Haikou, China (ANTARA) - Setiap pagi di pegunungan hijau yang subur di area Bawangling di Taman Nasional Hutan Hujan Tropis Hainan, paduan suara siulan terdengar untuk membangunkan hutan hujan purba di provinsi pulau tropis Hainan di China.
Suara tersebut merupakan nyanyian owa Hainan, yang hidup di pepohonan hutan hujan setinggi lebih dari 10 meter dan jarang menginjakkan kaki di tanah. Kera berjambul hitam itu hanya dapat ditemukan di area Bawangling.
Dikenal sebagai primata paling langka di dunia, owa Hainan dikategorikan sebagai satwa yang sangat terancam punah oleh Uni Internasional untuk Konservasi Alam (International Union for Conservation of Nature/IUCN).
Berjumlah lebih dari 2.000 ekor pada 1950-an, populasi owa Hainan merosot menjadi hanya sekitar tujuh ekor pada 1980-an, karena perburuan dan penebangan kayu berlebihan yang mendorong mereka ke ambang kepunahan.
"Kami telah lama mengadopsi berbagai langkah untuk membantu meningkatkan populasi mereka," ujar Huang Jincheng, mantan direktur administrasi Taman Nasional Hutan Hujan Tropis Hainan.

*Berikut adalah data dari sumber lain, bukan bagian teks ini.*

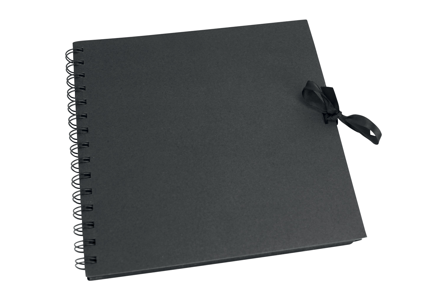 Álbum negro con hojas de papel rígidas negras para hacer páginas de scrapbooking, un libro de firmas o simplemente un álbum de fotos. Bonito álbum de lujo con una cinta negra para cerrarlo y páginas en espiral para trabajar fácilmente.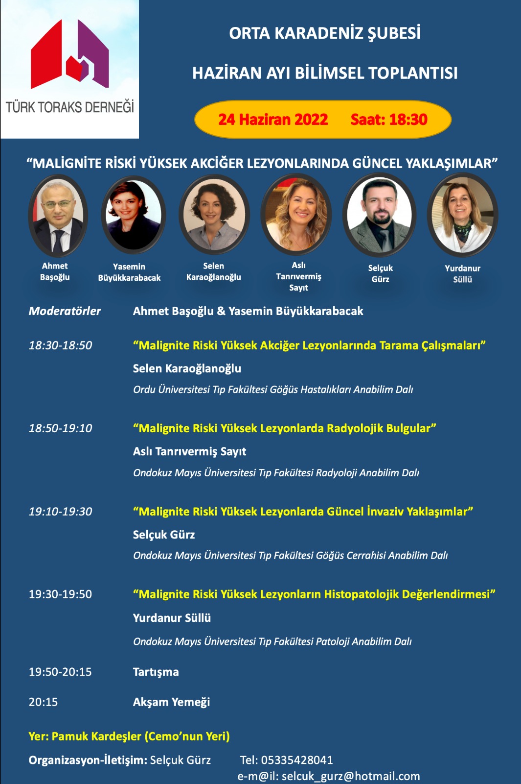 Türk Toraks Derneği Orta Karadeniz Şubesi Haziran Ayı Bilimsel Toplantısı Duyurumuz: "Malignite Riski Yüksek Akciğer Lezyonlarında Güncel Yaklaşımlar"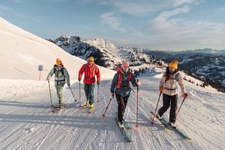 You will be accompanied by a state-certified ski guide. After a brief introduction to the safety equipment included in the price, the ascent of around 500 metres in altitude starts over easy terrain. The descent then takes place on the groomed piste.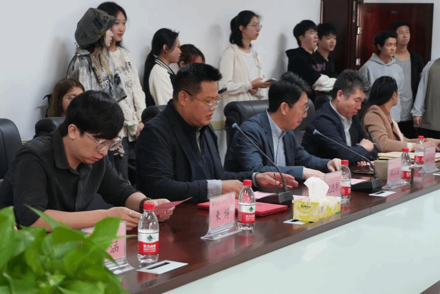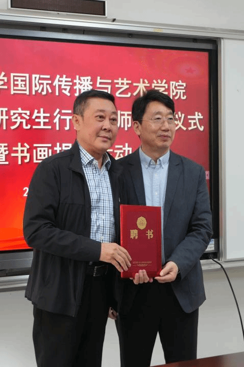 座谈会后,学院举办了行业导师聘任仪式。郑立波院长向行业导师颁发聘书,阮江华主席向学院捐赠书画作品以及画册。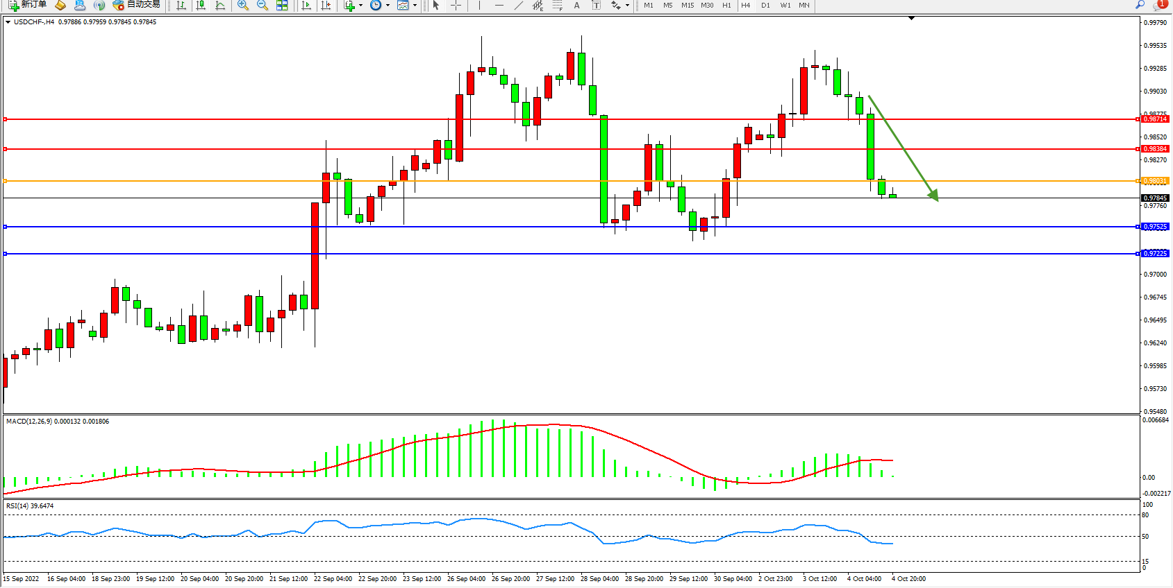 美元瑞郎USDCHF——4小时K线图显示:
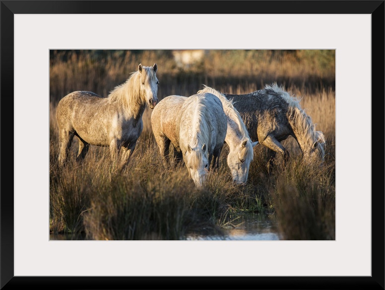 <p>The White Horses of the Camargue by the water in the South of France</p>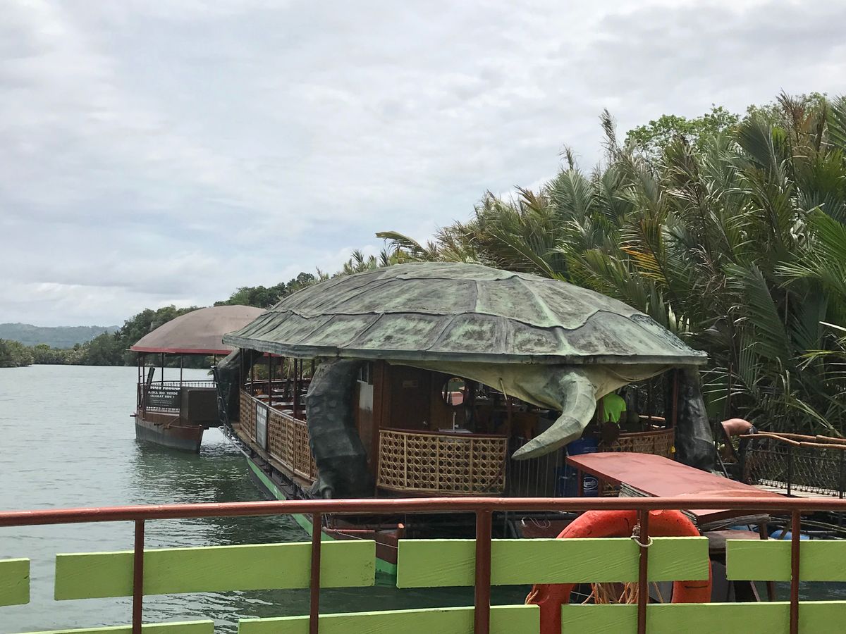 次は、ロボック川のリバークルーズです。流れのない川をクルーズしながらのフィリピン料理のランチです。もちろん食べ放題です。船なので水と氷が心配でしたが、衛生管理も問題なくお腹も壊しませんでした。途中では地元の住民たちが現地の踊りを披露してくれます。連れはステージに上げられて楽しく踊っていました。気持良くチップをはずみます。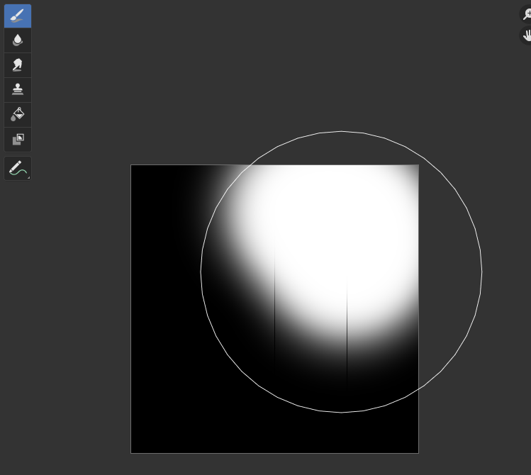 Texture Paint 탭 클릭, 오른쪽에서 방금 만든 메테리얼 선택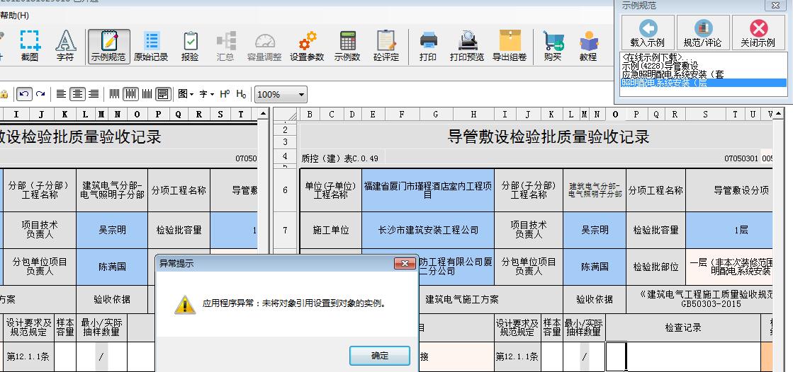5.示例、规范单机版 4.载入个人制作的示例表格,出现应用程序异常:未将对象引用设置到对象的实例。 载入个人制作的示例表格,出现应用程序异常:未将对象引用设置到对象的实例。 解决办法: 覆盖安装程序,重新打开软件就可以了。目前有3.8版本已解决该问题,版本还未发布。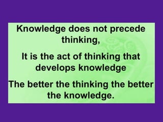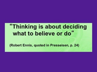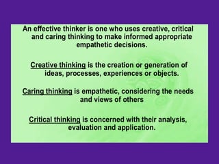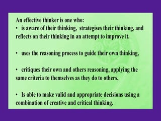 This document outlines an agenda for a workshop on thinking skills for 21st century learners. The workshop will explore the concepts of thinking and characteristics of effective thinkers. It will discuss how to develop thinking skills using thinking tools, cooperative learning structures, and rich learning tasks. The workshop will also provide context on how 21st century learning differs from and is similar to 20th century learning and discuss implications for developing thinking in educational contexts.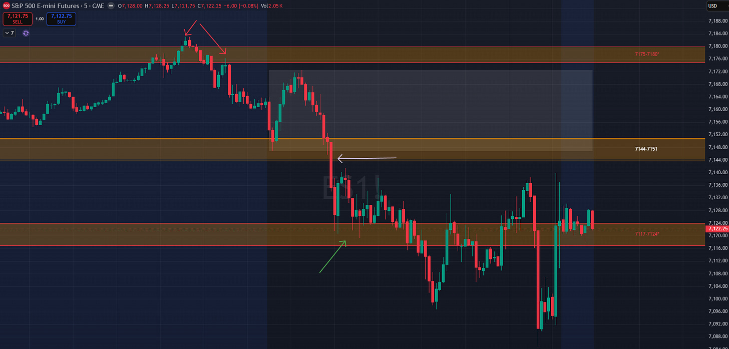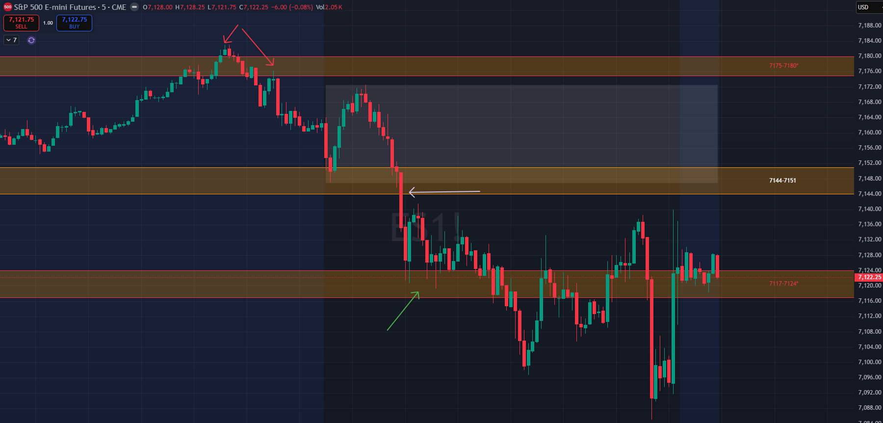 ES was just as clean on the short side but showed notable intraday relative weakness vs NQ. The LAAF triggered overnight into the open and once the IB low broke to the downside leaving potential single prints, the longs off 7117-7124 just didn’t have the strength to fill the potential (now confirmed) single prints. This must be noted and carried forward: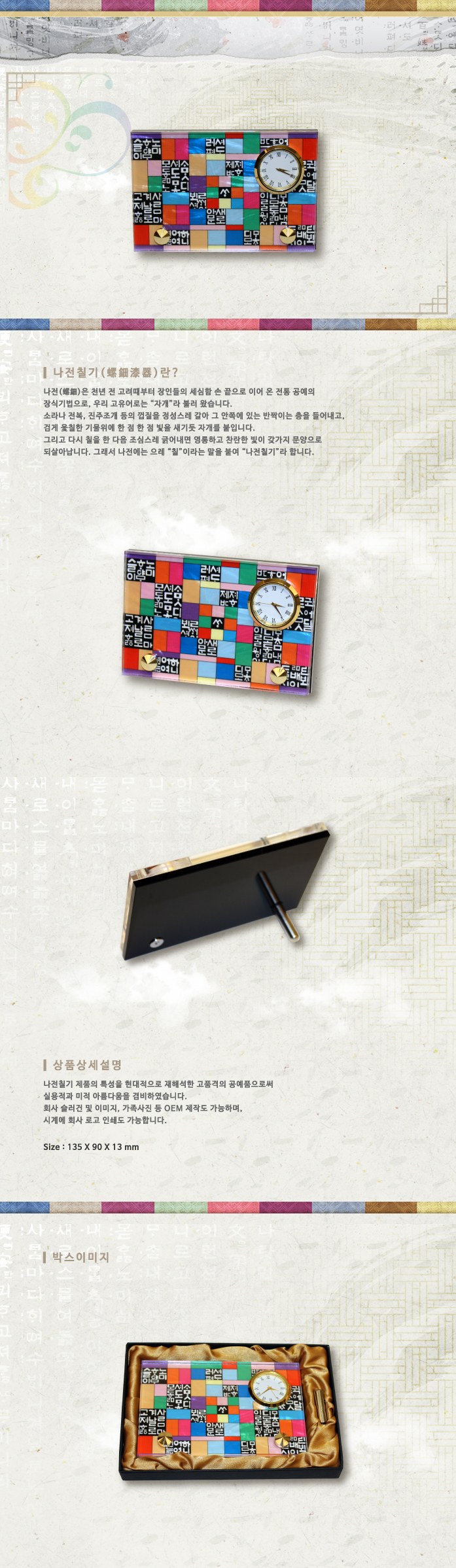 훈민조각보,나전칠기,예공,예공쉘크래프츠,자개탁상시계,자개,옻칠,탁상시계,공예품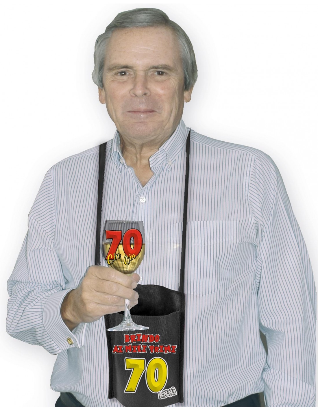 Appendi al collo del protagonista della serata questa busta in TNT porta bicchiere stampata con la frase "Brindo ai miei primi 70 anni", che contiene il calice in vetro da 300 mi., con la scritta 70 Cin Cin, completa il tutto, un divertente disco salva goccia, da inserire alla base del bicchiere.
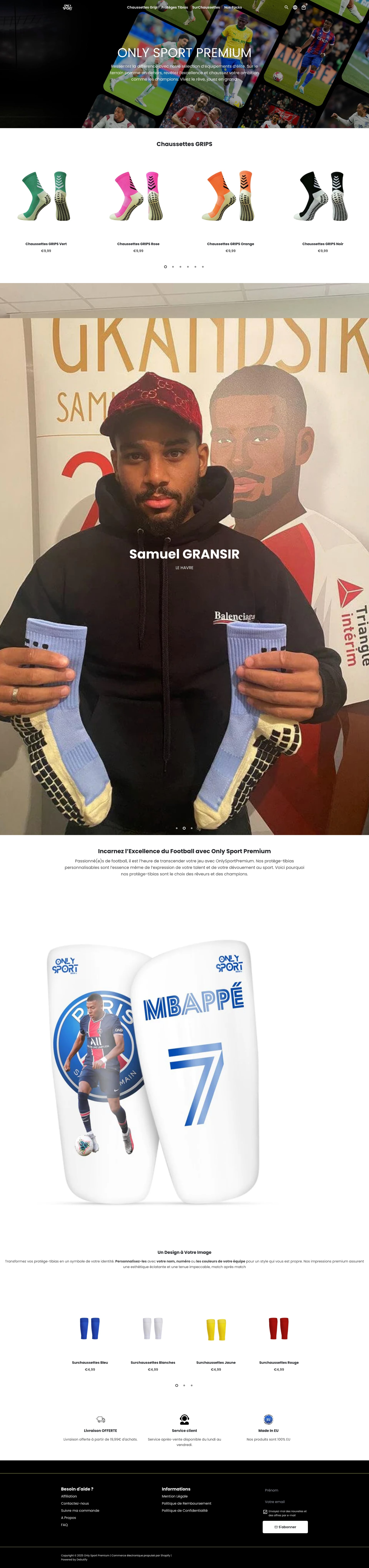 Refonte de la boutique Shopify « Only Sport Premium », spécialisée dans la vente d’équipements de football

Serangkaian upaya konservasi mencatatkan hasil positif dalam beberapa tahun terakhir. Menurut data resmi terbaru, populasi owa di Hainan saat ini diperkirakan mencapai 36 ekor yang hidup dalam lima kelompok keluarga, dibandingkan 30 ekor dalam empat kelompok pada 2019.
Peningkatan populasi owa tersebut terjadi saat China meningkatkan upaya untuk membangun Taman Nasional Hutan Hujan Tropis Hainan, tempat area Bawangling menjadi salah satu bagiannya.
Taman nasional seluas 4.269 km persegi itu merupakan rumah bagi hutan hujan tropis paling terkonsentrasi dan terpelihara dengan baik di China. Banyak satwa liar yang telah lama menghilang kembali ke rumah mereka berkat taman tersebut.
Dalam beberapa tahun terakhir, Hainan mempromosikan pembangunan taman tersebut, memperkuat pemulihan hutan hujan tropis, dan melakukan proyek relokasi ekologis di area lindung inti, seperti menanam lebih banyak pohon untuk menyediakan makanan bagi owa Hainan.
Untuk owa, upaya perlindungannya termasuk penegakan hukum yang ketat, yang menargetkan aktivitas ilegal seperti perburuan liar, kata Huang.
"Kami juga melakukan survei lapangan untuk memantau status quo owa," ujar Huang. "Selain itu, kami memulihkan habitat mereka dan memperbanyak tanaman yang sesuai dengan jenis makanan owa."
Sebuah pusat penelitian juga telah didirikan, dengan para pakar dari China dan luar negeri bersama-sama memberikan saran untuk perlindungan satwa tersebut, imbuh Huang.
Populasi owa Hainan ini diperkirakan akan mencapai antara 60 hingga 70 ekor pada 2035, selama upaya perlindungan yang ada saat ini dan stabilitas lingkungan dapat dipertahankan, menurut sebuah laporan yang dirilis bersama oleh Institut Taman Nasional Hainan dan Departemen Kehutanan Provinsi Hainan, demikian Xinhua dikutip Senin.